Sulla necessità di intervenire per fare fronte a queste minacce tutti, a parole, si dicono d’accordo tranne pochi irriducibili, per lo più ingaggiati nei think tank (i cosiddetti “serbatoi di pensiero”) finanziati dall’industria petrolifera o da altri settori interessati allo sfruttamento dei combustibili fossili e delle guerre. Ma nei fatti le misure e i programmi adottati per promuovere questa riconversione sono inadeguati e irrisori, mentre la crisi finanziaria ed economica che imperversa dal 2007 sull’intero pianeta ha fornito ai governi di tutto il mondo – e agli economisti e ai tecnici che ne impostano o ne sostengono i programmi – un alibi per rimandare tutto al “dopo”: a una futura quanto improbabile “ripresa”. Fatto sta che la via di uscita dalla crisi viene identificata quasi da tutti con il ritorno alla “crescita” economica, senza nessuna qualificazione: cioè con l’idea che si possa entro breve riprendere a produrre le stesse cose, con le stesse materie prime, per alimentare gli stessi consumi di sempre, ma in misura sempre maggiore. Ma questo non è possibile: quella crescita è proprio ciò che sta impoverendo il pianeta e che lo sta portando verso il disastro; ed è anche ciò che ha moltiplicato e continua a moltiplicare le diseguaglianze tra un numero infimo (semplificando, “l’1 per cento”) dei sempre più ricchi e un numero immenso (“il 99 per cento”) dei sempre più poveri. Per prevenire un disastro ambientale e sociale di proporzioni inimmaginabili, ben più grave di quello già insostenibile provocato dalla crisi economica, occorre un radicale cambio di rotta.

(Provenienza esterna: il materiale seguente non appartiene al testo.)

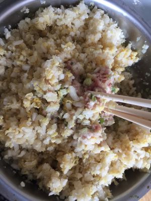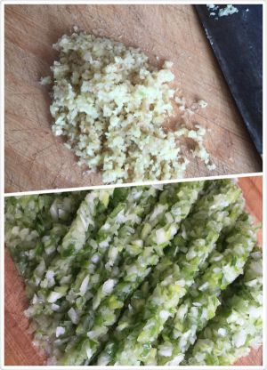葱、姜切末备用。五花肉剁碎,忘记拍照片了,哈哈。
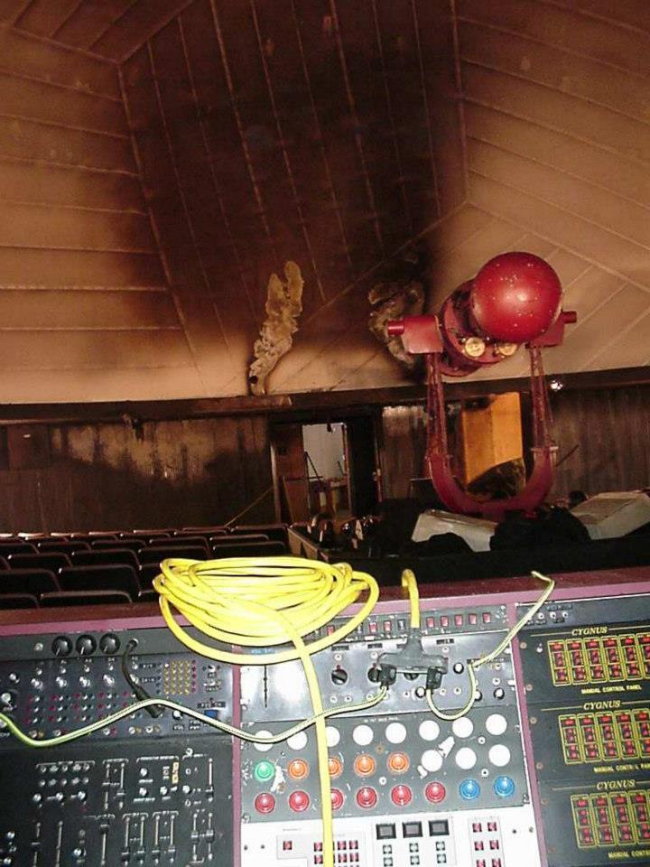 The picture to the right (or below) was provided courtesy of Brett Jacobs. This was the original Bishop Planetarium right after an unfortunate fire destroyed the theater. In this picture, the lower left-hand corner shows an original P-4 Analog Console. This console was thrown away with the rest of the contents of the theater.
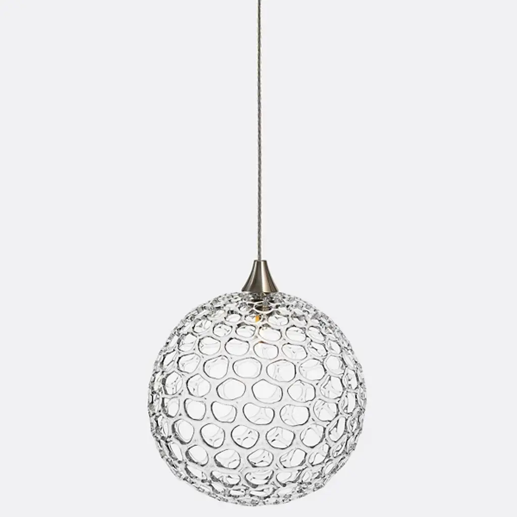 The Mod Mini Pendant from Shakuff helps create intimate shared experiences through a handcrafted volume so chock-full of detail it fascinates around the table. This beautiful, functional sculpture underscores Shakuff's art meets craft approach. A single suspension puts the piece in a clear view, whether over a dining table or kitchen island. The shade's shape pleases with familiarity, drawing inspiration from mid-century modern lighting icons. Glass artists put their spin on the mid-century globe by blowing it by hand and decorating it with organic perforations. The light from inside accentuates the contours of the glass as it passes through to create an ambient down glow.
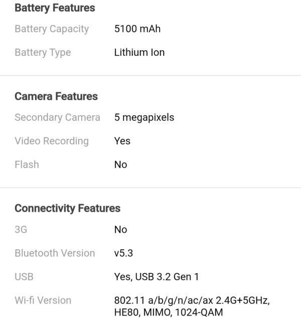 Wi-Fi 5 (802.11 a/b/g/n/ac), Bluetooth 5.1, GPS, USB Type-C 2.0.

Tuttavia anche l’aspetto personale, soggettivo, della conversione ecologica stenta a farsi strada. In parte per mancanza di un’informazione adeguata: della crisi ambientale (e anche di quella sociale, che orami riguarda tutto il pianeta) e soprattutto delle sue cause i media parlano poco e male; i politici mai; e a scuola insegnanti, allievi e programmi non sono attrezzati per affrontare la questione. Ma in parte le difficoltà nascono anche – e a volte soprattutto – per un senso di impotenza che ci assale: come può ciascuno di noi, sempre più isolato, impotente, emarginato dalle decisioni importanti e dal potere economico e politico, alle prese con le difficoltà crescenti della vita quotidiana, contribuire a cambiare il mondo?
Non bisogna farsi vincere dal senso di impotenza. Ciò che ci rende deboli è l’individualismo, l’essere stati messi, tutti, in competizione gli uni con gli altri; per affermarci a spese del nostro prossimo; o, per lo più, per non soccombere. Questa “gara” porta molto spesso solo al nostro asservimento a chi è più potente di noi, nella speranza che ci possa aiutare a prevalere; o a non uscirne schiacciato. L’alternativa a queste forme di individualismo è l’unione con coloro che vivono i nostri stessi problemi, l’agire collettivo, la condivisione: che non vuol dire fare tutti le stesse cose, ma farle insieme, in un processo dove ciascuno contribuisce in base a quello che sa e può fare. La condivisione nasce da un processo organizzativo che la precede; ma al tempo stesso la condivisione promuove nuova organizzazione: anche quando nasce in un ambito ristretto, poi può estendersi a molti altri campi.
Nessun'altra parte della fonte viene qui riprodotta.